Signed-off-by: Karol Herbst <kherbst@xxxxxxxxxx>
Signed-off-by: Ben Skeggs <bskeggs@xxxxxxxxxx>

[ 213.131657] nouveau 0000:07:00.0: unknown chipset (170000a1)
[ 213.138547] nouveau 0000:07:00.0: unknown chipset (170000a1)

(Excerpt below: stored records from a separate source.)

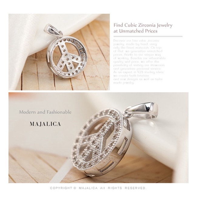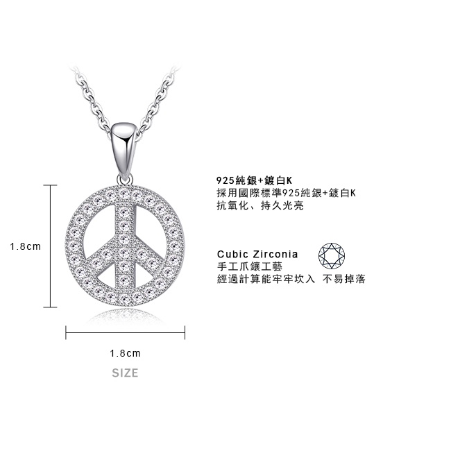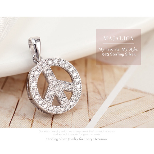 Majalica女鍊S925銀吊飾白鋼短項鍊 世界和平Peace PN5047
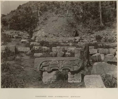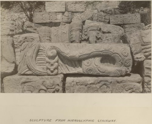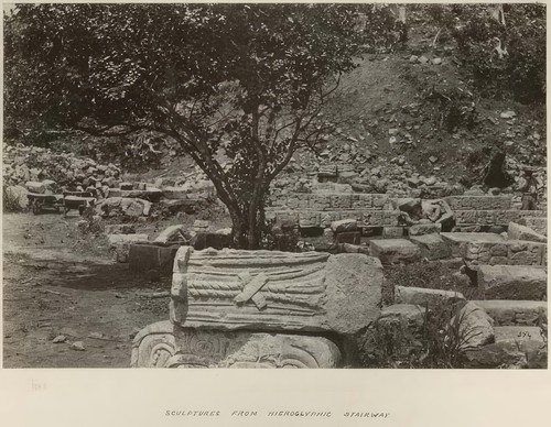 Sculptures from hieroglyphic stairway Copan Album: Volume 9, Page 15; Written on page: "Sculptures from hieroglyphic …
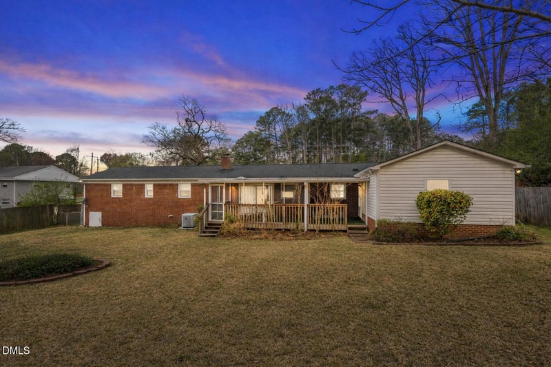 Listing details for 637 Buck Jones Rd, Raleigh, NC 27606 : Welcome to 637 Buck Jones Road in Raleigh! This north-facing ranch home is ideally situated on a spacious .69-acre homesite in an unbeatable location just minutes from The Fenton in Cary, for premier dining, shopping, and entertainment, with easy access to Lake Crabtree trails, Dorothea Dix Park, and Downtown Raleigh's top museums and attractions. Offering 4 bedrooms, 3 full baths, and 2,394 square feet, this home features a versatile layout with generous living spaces and great indoor-outdoor potential. Hardwood floors add warmth and character to the main living area, while the expansive kitchen offers abundant cabinetry, prep space, and a breakfast bar overlooking the adjoining living area with a brick fireplace. A large additional living/flex space provides room to spread out, and the screened porch overlooks the private backyard with mature trees, open lawn space, and a detached storage shed. With its combination of space, functionality, and prime location, this is a wonderful opportunity in the heart of the Triangle.
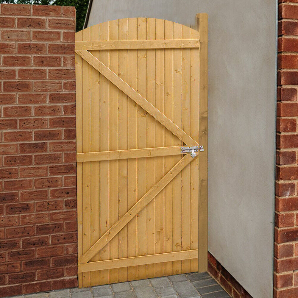 3x7ft Wooden Garden Gate Arch Top Pedestrian Gate Fence Door Free Fitting Kits
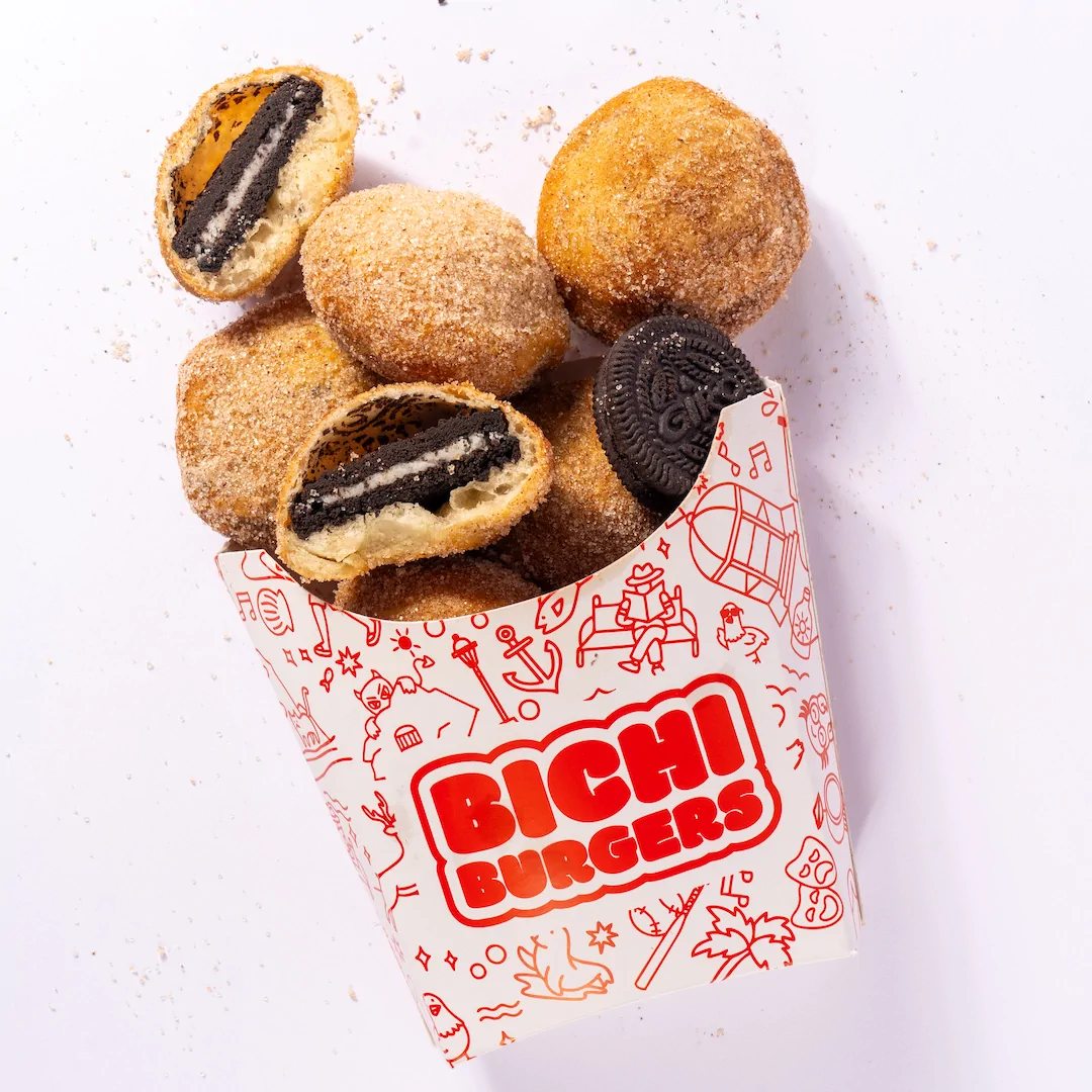 Riquísimas galletas oreo envuelta masita casera con dorada tipo churro, espolvoreadas con un toque de canela y azúcar. Acompañada de lecherita nestlé
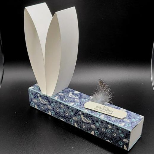 Die Schiebeschachtel ist aus ausgesuchten Designerpapier handgefertigt, zwei Osterhasenohren zieren die Oberseite der Verpackung, ebenso ein kleiner Spruch und einer Feder.
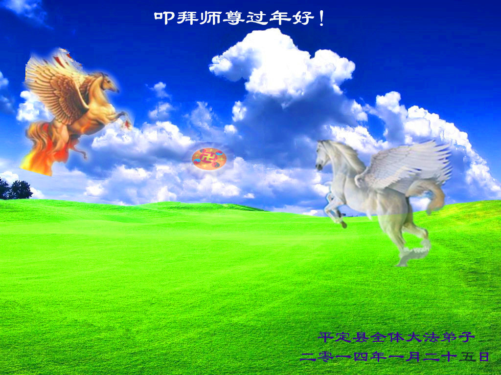 靈丘縣全體大法弟子給慈悲偉大的師尊拜年,祝師尊新年快樂!請師尊放心,我們一定不辜負您的慈悲苦度,全盤否定舊勢力的安排,識破舊勢力的陰謀,消除間隔,走師父安排的路,整體昇華,共同精進,做好三件事,多救人,圓滿隨師還。 靈丘縣全體大法弟子跪拜
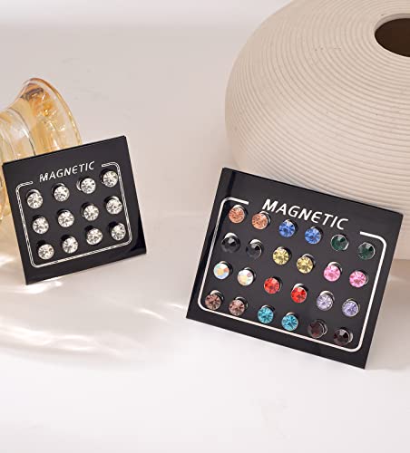 18 Pairs Magnetic stud Earrings Colors CZ Earrings Set Fake Earring Jewelry Clip on No Piercing Earrings Studs for Women Men 4MM 6MM 6
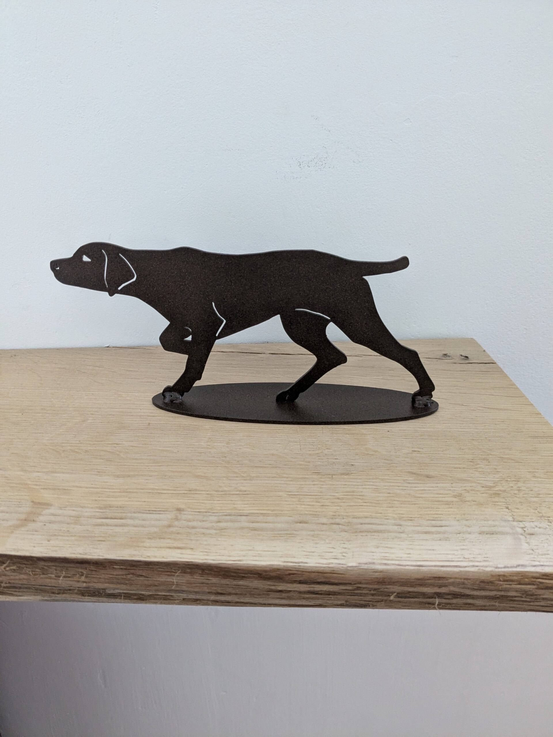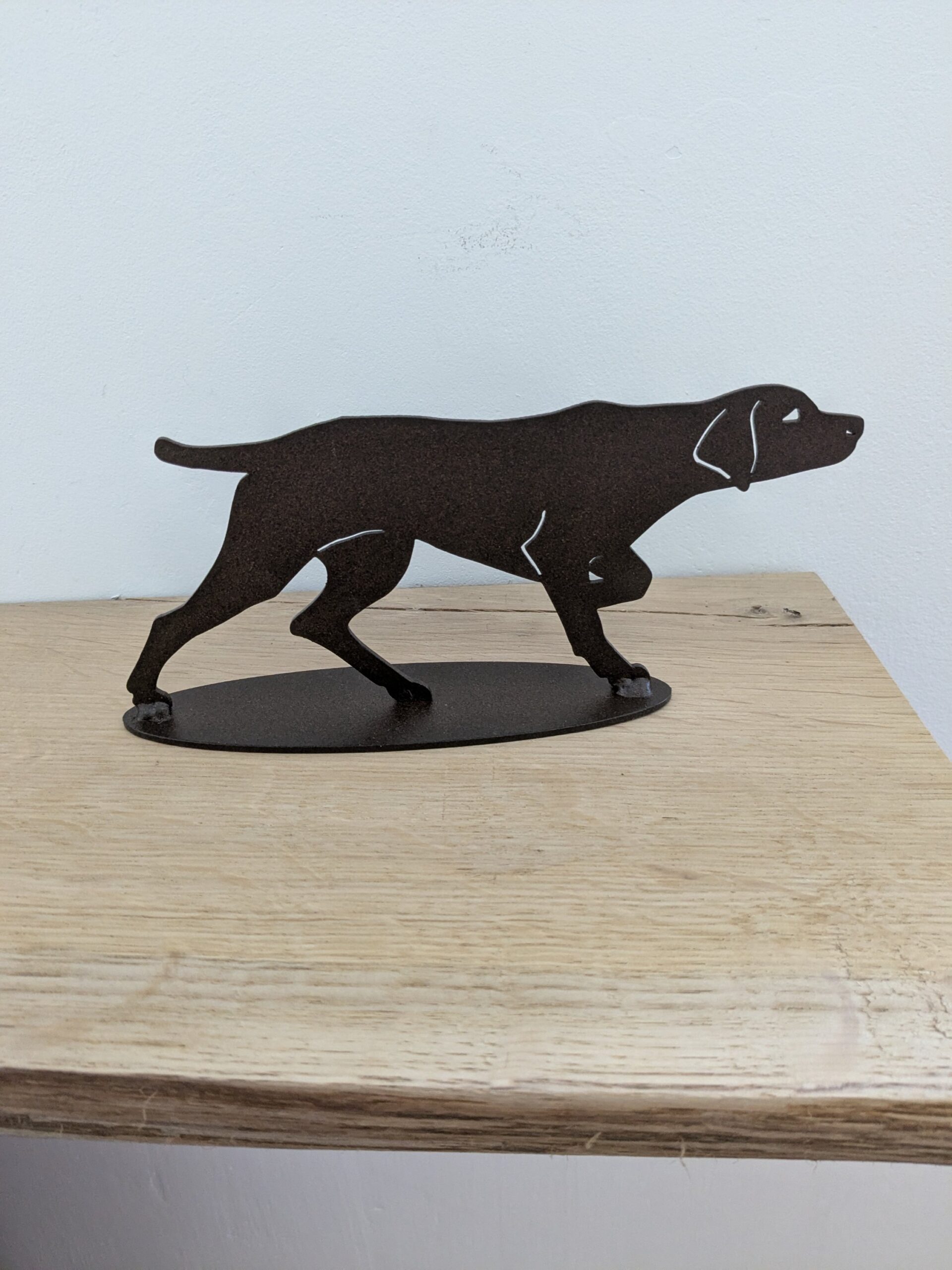 chien d’arrêt sur socle acier acier 2mm, dessiné à la main. Cet objet de décoration intérieure donnera une touche campagne à votre maison et ravira les amateurs de nature.
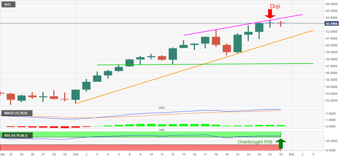 WTI Price Analysis: Thursday’s Doji keeps oil sellers hopeful around $63.00
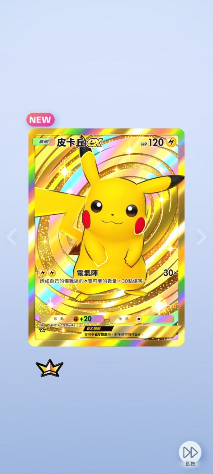 五十抽超梦,一个超梦ex都没出,拉鲁拉斯更是一张没有,然后来脾气氪金又来了十抽抽老喷,然后我出了一张皇冠皮卡丘,,,,,,,现在我迷茫了,继续抽超梦对不起老喷啊,继续抽老喷对不起皮卡丘啊,我现在还是妙蛙种子这套卡组,,,太弱了
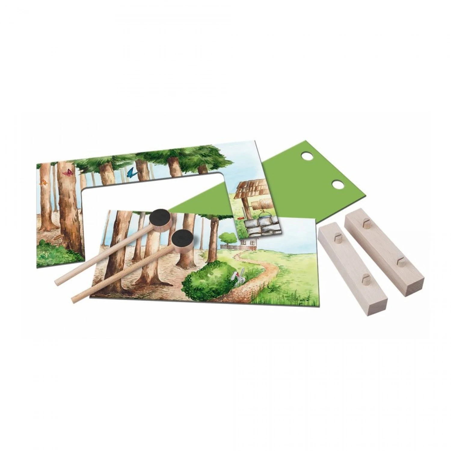 Un théatre de marionnettes pour raconter de belles histoires et s’amuser à actionner les marionnettes en bois grâce aux deux tiges aimantées.

[ 213.144938] BUG: kernel NULL pointer dereference, address: 0000000000000000
[ 213.152704] #PF: supervisor read access in kernel mode
[ 213.158433] #PF: error_code(0x0000) - not-present page
[ 213.164162] PGD 0 P4D 0
[ 213.166985] Oops: 0000 [#1] SMP NOPTI
[ 213.171068] CPU: 32 PID: 206 Comm: kworker/32:0 Not tainted 5.9.0-rc7+ #1
[ 213.178639] Hardware name: NVIDIA DGXA100
920-23687-2530-000/DGXA100, BIOS 0.25 06/30/2020
[ 213.187866] Workqueue: events work_for_cpu_fn
[ 213.192761] RIP: 0010:nvkm_udevice_mthd+0x1ed/0x7d0 [nouveau]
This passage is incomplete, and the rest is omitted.